No começo, não havia sequer luz no planeta. Tudo era breu e mistério. Daí que vieram as lâmpadas, os postes, os fósforos. Clarearam tudo. Daí que criaram também os refletores que iluminam outdoors. Naquelas telas sustentadas por armações entranhadas nas calçadas, eles destacam corpos de modelos, lançamentos automotivos, os últimos lanches da moda. Eles aclaram o que leiloa a felicidade.
Nos últimos meses, porém, o tom dos cartazes é outro. Outras coisas se iluminam. Saem as ofertas do varejo, entram as urgências da pandemia. Há que se lavar as mãos. Há que se evitar aglomerações. Há que se usar máscaras.
Entre os cearenses, cabe destacar, é sortido o arsenal dessas telas de proteção da boca, do nariz e da vida: multicores, de tecido, N95 ou PFF2. Existem as que fazem menção a super-heróis e outras que até encenam uma boca diferente da original de fábrica. Uma fartura.

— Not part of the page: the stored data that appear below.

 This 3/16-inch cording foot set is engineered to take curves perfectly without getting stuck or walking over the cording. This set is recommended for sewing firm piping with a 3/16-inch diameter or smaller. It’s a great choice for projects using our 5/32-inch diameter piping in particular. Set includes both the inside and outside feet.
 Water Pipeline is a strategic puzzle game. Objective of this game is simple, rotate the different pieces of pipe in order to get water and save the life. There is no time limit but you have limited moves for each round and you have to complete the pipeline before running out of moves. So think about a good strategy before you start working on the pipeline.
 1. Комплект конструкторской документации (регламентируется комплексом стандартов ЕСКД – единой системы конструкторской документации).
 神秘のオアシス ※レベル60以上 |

Vendidas nas lojas e sinais, farmácias e portas de casa, por trás delas não é possível enxergar nada. Opaca é a visão do sorriso, bem como o gosto que fica por não ser possível visualizar a alegria da maneira que nos ensinaram: dentes à mostra, mandíbula aberta para os lados, vastidão de saliva coberta pelos lábios.
Entretanto, como já escreveu James Baldwin (1924-1987), recriamos com base na desordem da vida. O jeito para exaltar a existência diante de tanto caos, assim, é outro. Sorrimos com as pupilas, os cílios fazendo de guarda-chuva para abraçar a ligação que parte do coração e chega aos olhos. Sorrimos, da janela, com cabelos esvoaçando ao vento, vontade de liberdade que não passa. Sorrimos.

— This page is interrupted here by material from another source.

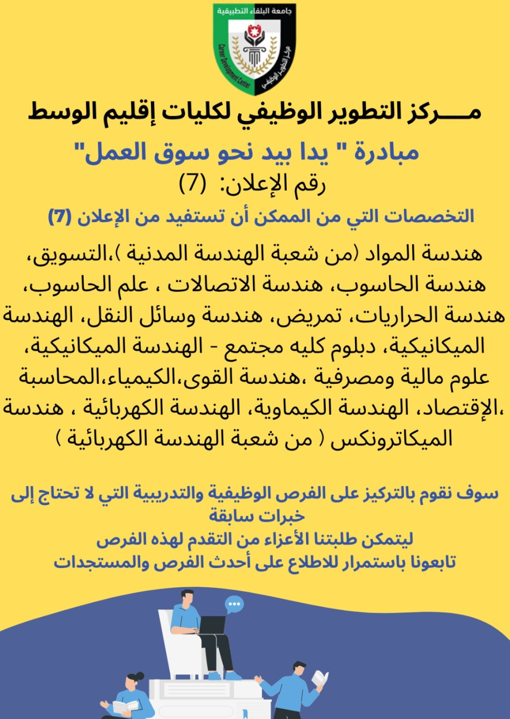 رقم الاعلان: اعلان (7) – مبادرة " يدا بيد نحو سوق العمل"
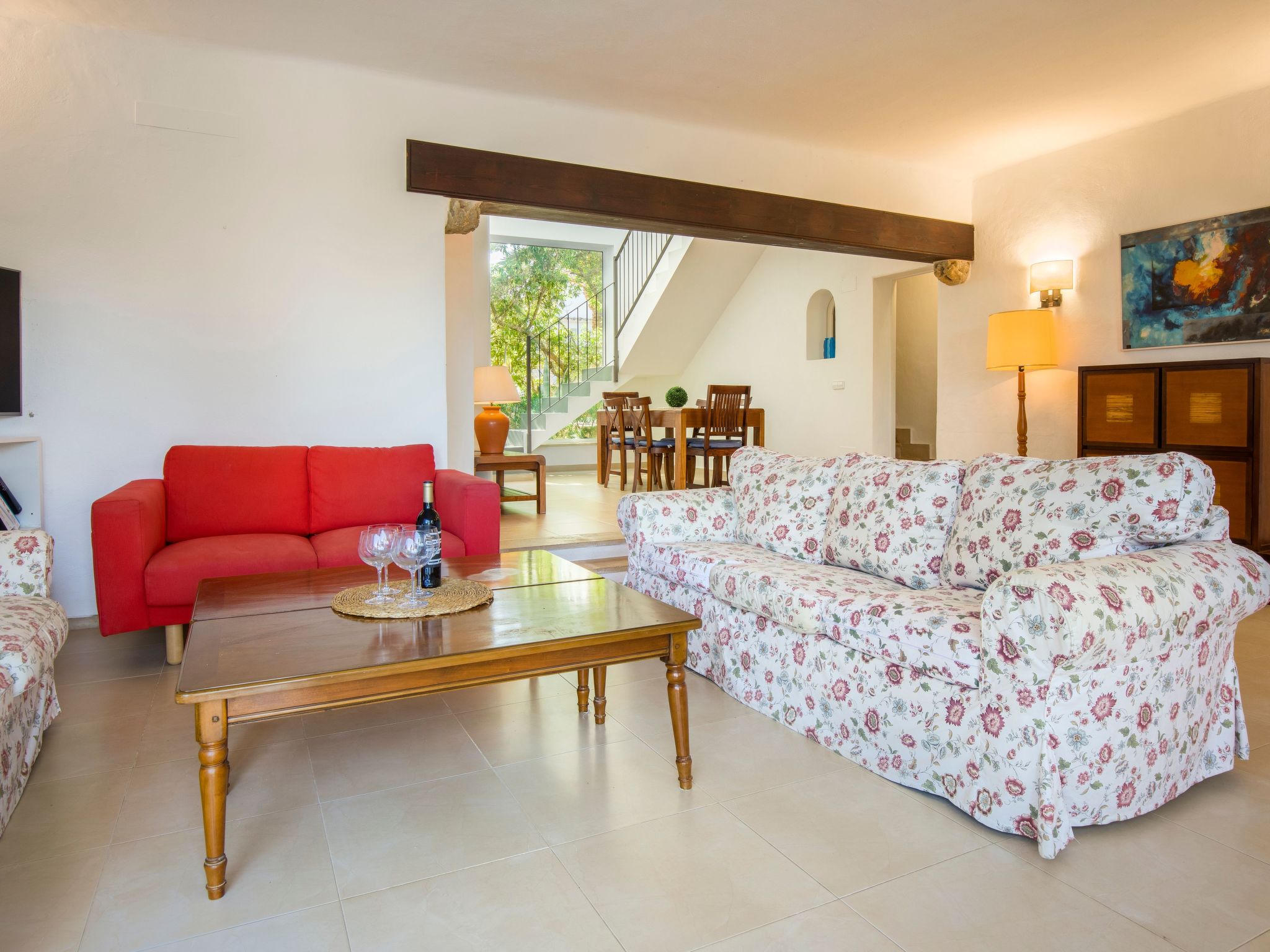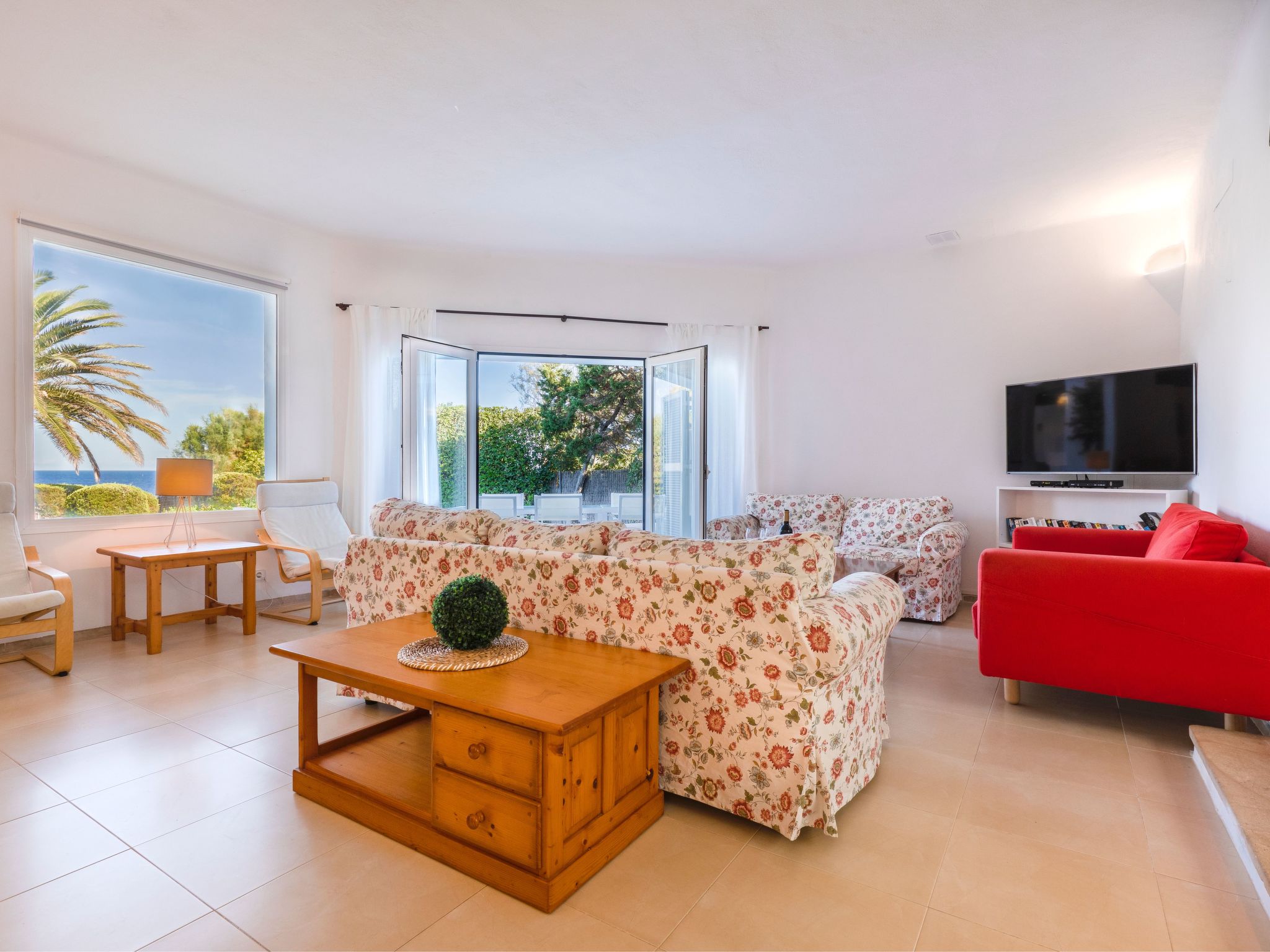 This pretty villa is situated in a privileged location above the bay of Cala Esmeralda and offers wonderful sea views from the roof terrace. A beautiful bay in the holiday resort of Cala Dor on the south-east coast of Mallorca. A walk of less than 10 minutes will take you to two wonderful beaches. In the centre of the small town, just a 12-minute walk away, there is a pedestrian zone with shops, open-air bars, restaurants and cafés. The famous fashionable marina is also worth a visit

Sorrimos - a boca escancarando a vontade de divórcio com o entorno dolorido e estranho - porque, apesar de tudo, a vida pede coragem. O sentimento do mundo que tantas Fortalezas, cidades inteiras dentro de um território uno, quer portar - e portar com plenitude.

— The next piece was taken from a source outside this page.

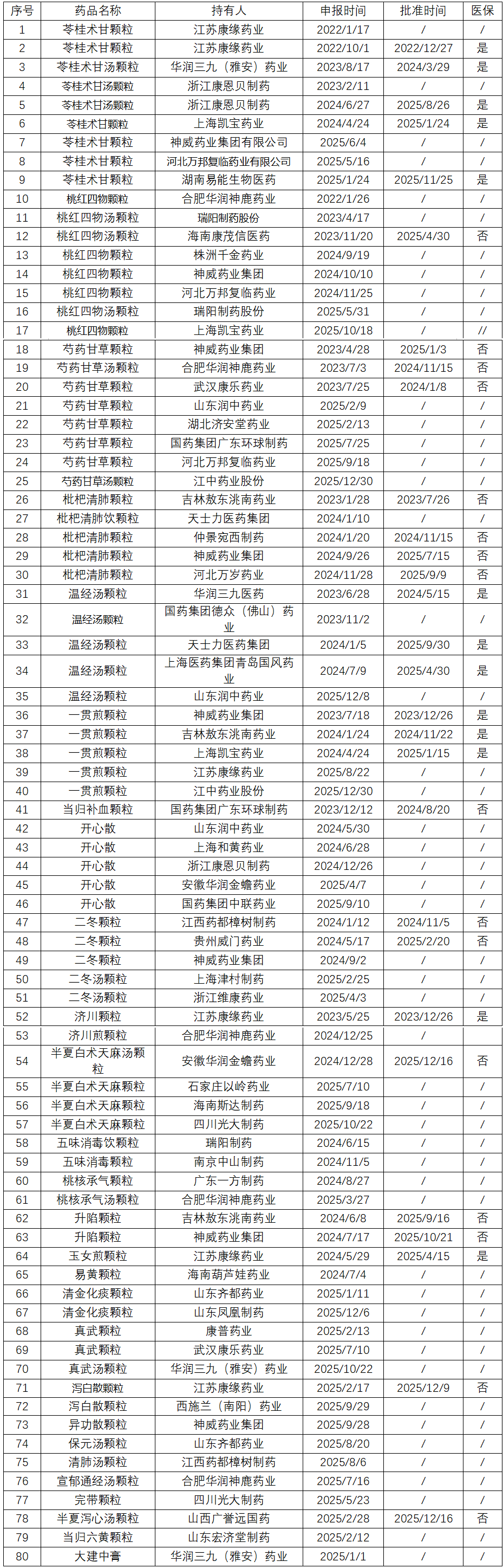 截至12月31日,近四年累计申报3.1类经典名方80项,按品种计仅有27个,开发品种数比例仅占颁布关键信息品种数(107个)四分之一,2025年新申报36项,比2024年略有提高,详细情况见下图。这其中苓桂术甘汤申报家数最多,达到了9个,其余详细情况见表1。经典名方研发渐入佳境,竞争也越来越激烈,正在研发的单位应该引起警惕了。符合本公众号文章(2022-2024年中药新药申报与审评情况汇总分析)去年预测:随着古代经典名方关键信息表目录的不断增加,该赛道的申报和批准均会不断井喷。
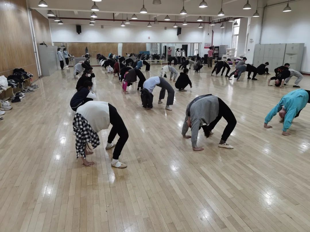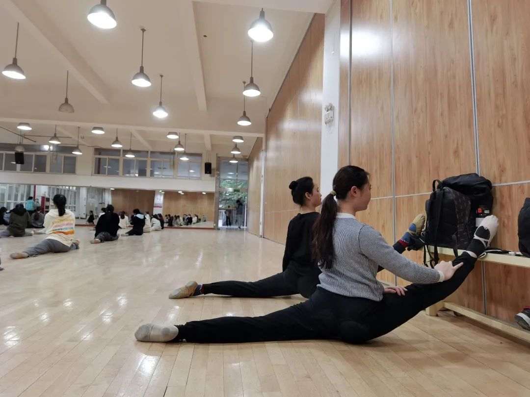 热身动作做完,就是早功的重头戏:软度训练。大家都知道,如果柔韧性差,就会影响动作的掌握,还会限制力量及速度、协调能力的发挥,也会造成肌肉、韧带损伤。所以说,软度训练至关重要。

Vontade que acompanha as crianças, por exemplo, tanto das margens como dos centros: quando sorriem, elas desenham outras cartografias de possibilidades, fazem novas histórias com o semblante. É como se dissessem, rodopiando em ciranda: "é tudo que tenho para aguentar tudo".
Expressão que atravessa também quem passa pela orla e tem desejo de mar, assim como quem adentra as ruelas das comunidades e se embrenha por entre pequenos lares repletos de tanto. Quem faz do contato com o verde sinal de recomeço. E quem sobrevive do próprio negócio levando beleza em forma de pipoca. Uma ânsia coletiva: respirar novamente feito outrora. Sorrir como tem que ser.
Máscaras cobrem a boca, mas não interrompem ternuras. Nos foi tirado o abraço, o toque, a pele; a presença, não. A força, não. E ainda sobrou o restante - que é muito e tão pouco. Contudo, é por meio dessa parcela quase ínfima de novidade, de comunicação, que re-existimos. Sorrimos, apesar de tudo. Sorrimos.